It consists of a mining step, detection of candidate patterns, and two statistical test steps, evaluating significance of the patterns (see Quaglio et al. 2017).
The pattern here is defined as exact spike synchrony across neurons participating in an assembly, without any temporal delay or jitter.

### 3.3.1 Insertion of STPs into independent artificial data
Again we generate appropriate artificial data in order to understand the method through applications.
Here we generate the data by combining two different CPPs: the first modeling the neurons participating in an assembly, the second modeling independent data for the remaining neurons.


In [None]:
# Spike train parameters
num_units = 100      
rate = 2 * pq.Hz 
trial_duration = 10 * pq.s
# - parameters for the CPP model
assembly_size = 10
p_coinc = 0.05
jitter = 2 * pq.ms

# Analysis parameters
binsize_comp_dist = 1 * pq.ms

# Constduct the amplitude distribution for the CPP 
amp_dist_sip = np.zeros(assembly_size + 1) 
amp_dist_sip[1] = 1. - p_coinc
amp_dist_sip[assembly_size] = p_coinc

# Generate the CPP data
cpp_sp = stocmod.cpp(rate, amp_dist_sip, trial_duration, shift=jitter)

# Generate independent data and combine the two data sets
amp_dist_indep = [0, 1] + [0] * (num_units - assembly_size - 1)
cpp_sp.extend(stocmod.cpp(rate, amp_dist_indep, trial_duration))

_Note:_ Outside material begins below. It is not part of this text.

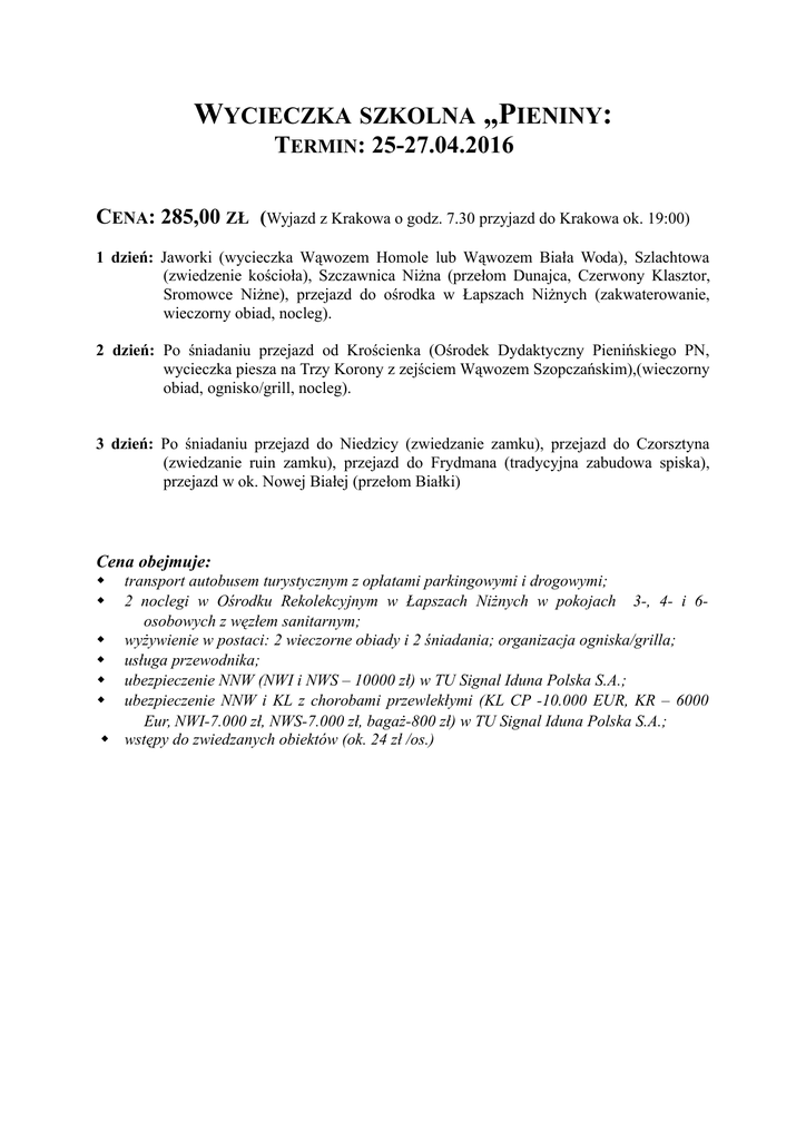 WYCIECZKA SZKOLNA „PIENINY: TERMIN: 25-27.04.2016 CENA: 285,00 ZŁ (Wyjazd z Krakowa o godz. 7.30 przyjazd do Krakowa ok. 19:00) 1 dzień: Jaworki (wycieczka Wąwozem Homole lub Wąwozem Biała Woda), Szlachtowa (zwiedzenie kościoła), Szczawnica Niżna (przełom Dunajca, Czerwony Klasztor, Sromowce Niżne), przejazd do ośrodka w Łapszach Niżnych (zakwaterowanie, wieczorny obiad, nocleg). 2 dzień: Po śniadaniu przejazd od Krościenka (Ośrodek Dydaktyczny Pienińskiego PN, wycieczka piesza na Trzy Korony z zejściem Wąwozem Szopczańskim),(wieczorny obiad, ognisko/grill, nocleg). 3 dzień: Po śniadaniu przejazd do Niedzicy (zwiedzanie zamku), przejazd do Czorsztyna (zwiedzanie ruin zamku), przejazd do Frydmana (tradycyjna zabudowa spiska), przejazd w ok. Nowej Białej (przełom Białki) Cena obejmuje: transport autobusem turystycznym z opłatami parkingowymi i drogowymi; 2 noclegi w Ośrodku Rekolekcyjnym w Łapszach Niżnych w pokojach 3-, 4- i 6osobowych z węzłem sanitarnym; wyżywienie w postaci: 2 wieczorne obiady i 2 śniadania; organizacja ogniska/grilla; usługa przewodnika; ubezpieczenie NNW (NWI i NWS – 10000 zł) w TU Signal Iduna Polska S.A.; ubezpieczenie NNW i KL z chorobami przewlekłymi (KL CP -10.000 EUR, KR – 6000 Eur, NWI-7.000 zł, NWS-7.000 zł, bagaż-800 zł) w TU Signal Iduna Polska S.A.; wstępy do zwiedzanych obiektów (ok. 24 zł /os.)

# Compute the population histogram and the complexity distribution
complexity_cpp = stats.Complexity(cpp_sp, bin_size=binsize_comp_dist, binary=True)
pophist = complexity_cpp.time_histogram
dist_cpp = complexity_cpp.pdf().flatten().magnitude
dist_cpp = np.concatenate([dist_cpp, np.zeros(num_units - len(dist_cpp))])

# Plot the results
fig = plt.figure(figsize=(12, 5))

ax1 = plt.subplot(2, 2, 1)
ax1.set_xlabel('Time (ms)')
ax1.set_ylabel('Unit ID')
for i, st in enumerate(cpp_sp):
    ax1.plot(st.rescale('ms').magnitude, [i + 1] * len(st), '.', ms=1, color='black')

ax2 = plt.subplot(2, 2, 3, sharex=ax1)
ax2.set_xlabel('Time (ms)')
ax2.set_ylabel('Count')
ax2.plot(pophist.times.rescale('ms'), pophist[:, 0], lw=0.5)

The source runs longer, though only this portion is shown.